4. Since we are not interested in ROI signatures, uncheck Calculate sig. , click Create points. and at the bottom right corner of the window and click the button to create multiple random ROIs.

Photo-interpretation of ROIs

The created ROIs will appear under ROI Signature list in the Creation Dock. Observe that all created ROIs have the same class information (i.e. MC_ID, MC_Info, C_ID and C_Info). Thus we need to assign the correct class to each ROI. This will be done by photo-interpretation with the aid of different color composites (to identifiy different features) and high resolution Google satellite scenes (for this purpose, install OpenLayers plugin).

1. Click Web --> OpenLayers plugin --> Google Maps --> Google Satellite to open Google satellite scene in QGIS.
2. In the Layer panel drag the Google satellite scene to overlay the Subset_S2A_MSIL2A_20170619T_B12_BOA.tif image.
3. Double-click the first ROI under ROI Signature list to zoom in to the ROI.
4. Open Properties --> Transparency and adjust the transparency of the Subset_S2A_MSIL2A_20170619T_B12_BOA.tif image to view the Google satellite scene and correctly assign ROI class information (i.e.
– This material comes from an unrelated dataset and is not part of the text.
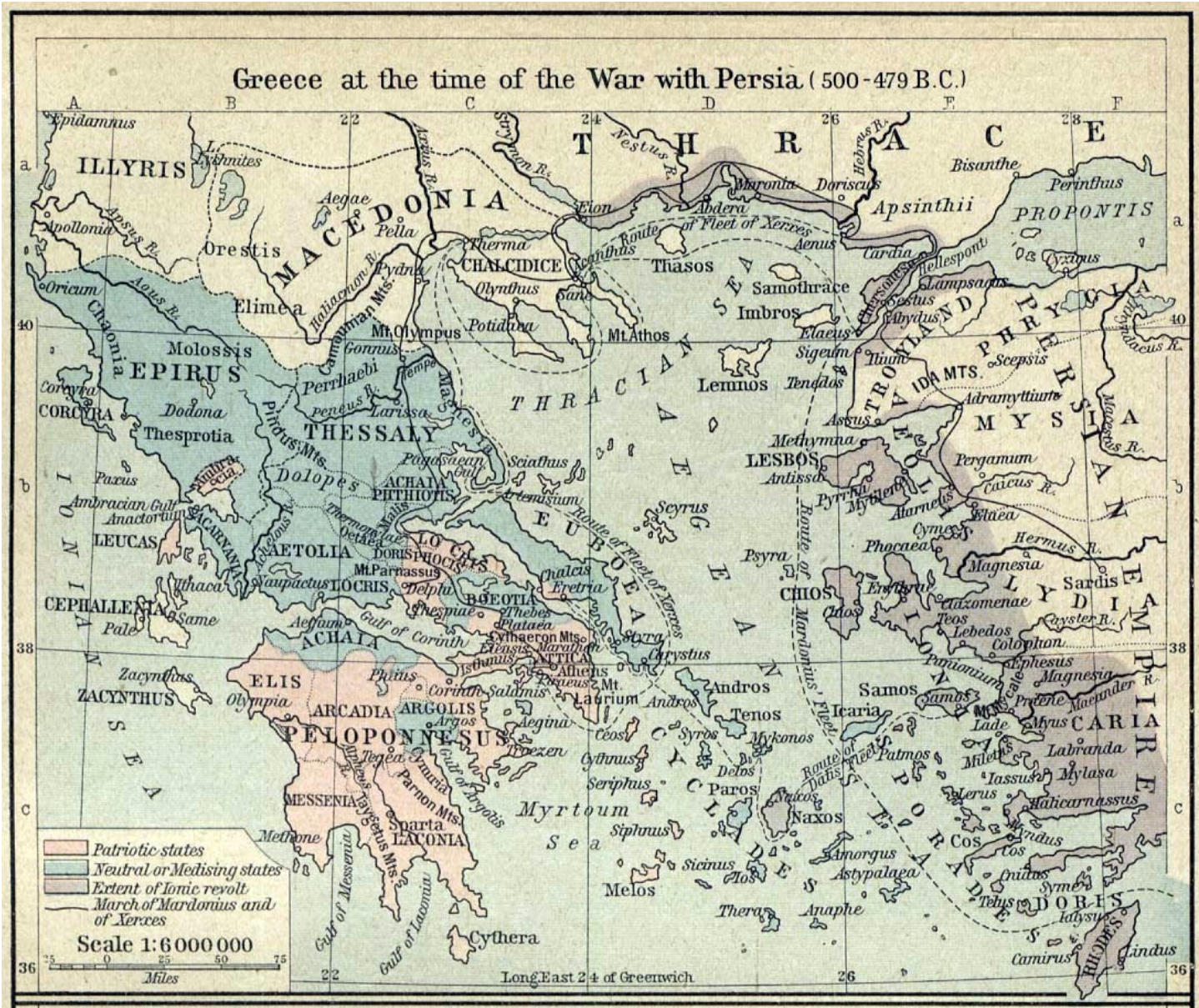
Kaart [4] : Griekenland ten tijde van de oorlog met de Perzen, 500 - 479 v.C.

MC_ID, MC_Info, C_ID and C_Info).
5. Repeat steps 3 and 4 to assign the correct class information for each ROI.

NB: Class information for the validation data must be in conformity with the classification scheme in the training dataset.

Calculation of classification accuracy

This involves a comparison of the output land cover/use map from image classification with the independent reference/validation dataset. The result is an error matrix which allows for the computation of descriptive accuracy statistics for the overall classification exercise (i.e. overall accuracy) but also the accuracy of individual classes either as producer accuracy or user accuracy.

1. Load the validation data (lab9_validation.shp) in QGIS.
2. Open SCP --> Postprocessing --> Accuracy.
3. Under Select classification to assess, use the button Refresh list and the drop-down menu-bar to select the output map from image classification.
4. Under select the reference shapefile or raster, use the button Refresh list and the drop-down menu-bar to select the validation sample.
5. Under Shapefile field, select C_ID and click the button to save the error raster and execute the process.